* What to produce: Word for word, print out all of the data, omitting every image.

* Given material:
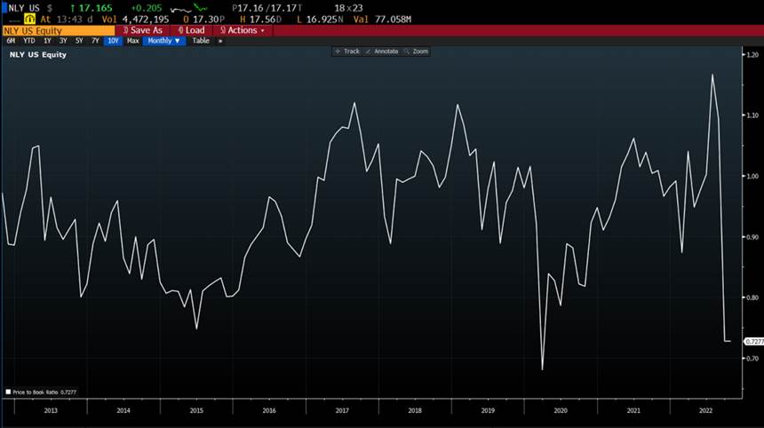 Балансовая стоимость активов NLY существенно снизилась вместе с падением стоимости MBS, однако цена за пай компании снижается еще более быстрыми темпами. На данном фоне компания торгуется по 73% от балансовой стоимости своих активов, что является самым низким показателем за всю историю компании не считая COVID-панику в марте 2020
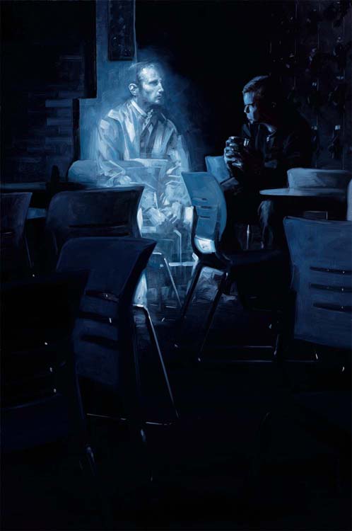 “Hello,” said the spectre, the bright shade of a lithe, pale-eyed young man with white hair. He was dressed in clothing twenty years out-of-date; a loose blue pastel shirt that ballooned at his wrists, clinging white trousers with built-in boots. They could see through him, and his own eyes did not see them at all.
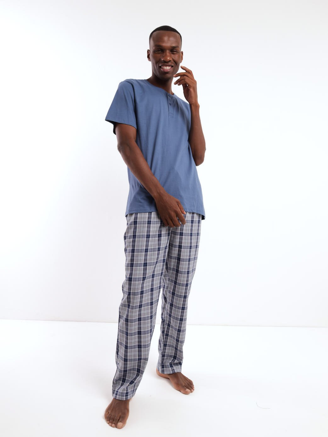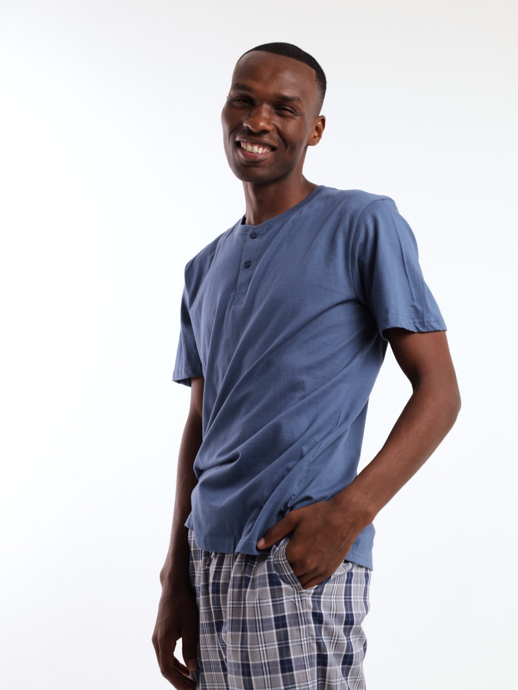 Men's Short Sleeve Sleepwear Henley Top - Indigo
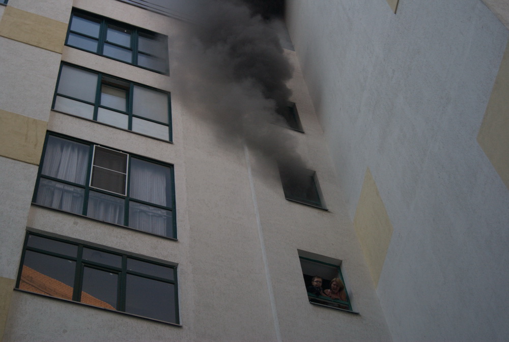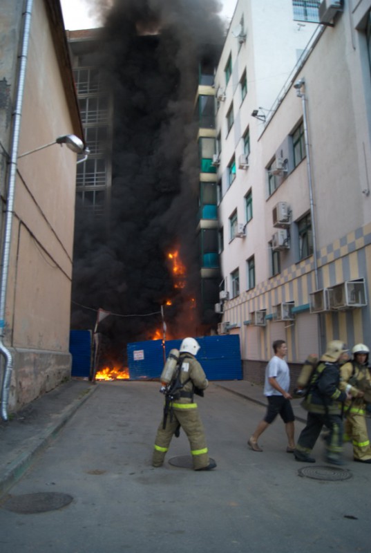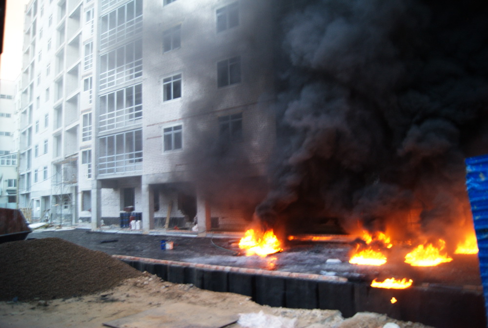 Горящий утеплитель падал вниз и затруднял доступ к зданию

* Answer area:
 Балансовая стоимость активов NLY существенно снизилась вместе с падением стоимости MBS, однако цена за пай компании снижается еще более быстрыми темпами. На данном фоне компания торгуется по 73% от балансовой стоимости своих активов, что является самым низким показателем за всю историю компании не считая COVID-панику в марте 2020
 “Hello,” said the spectre, the bright shade of a lithe, pale-eyed young man with white hair. He was dressed in clothing twenty years out-of-date; a loose blue pastel shirt that ballooned at his wrists, clinging white trousers with built-in boots. They could see through him, and his own eyes did not see them at all.
 Men's Short Sleeve Sleepwear Henley Top - Indigo
 Горящий утеплитель падал вниз и затруднял доступ к зданию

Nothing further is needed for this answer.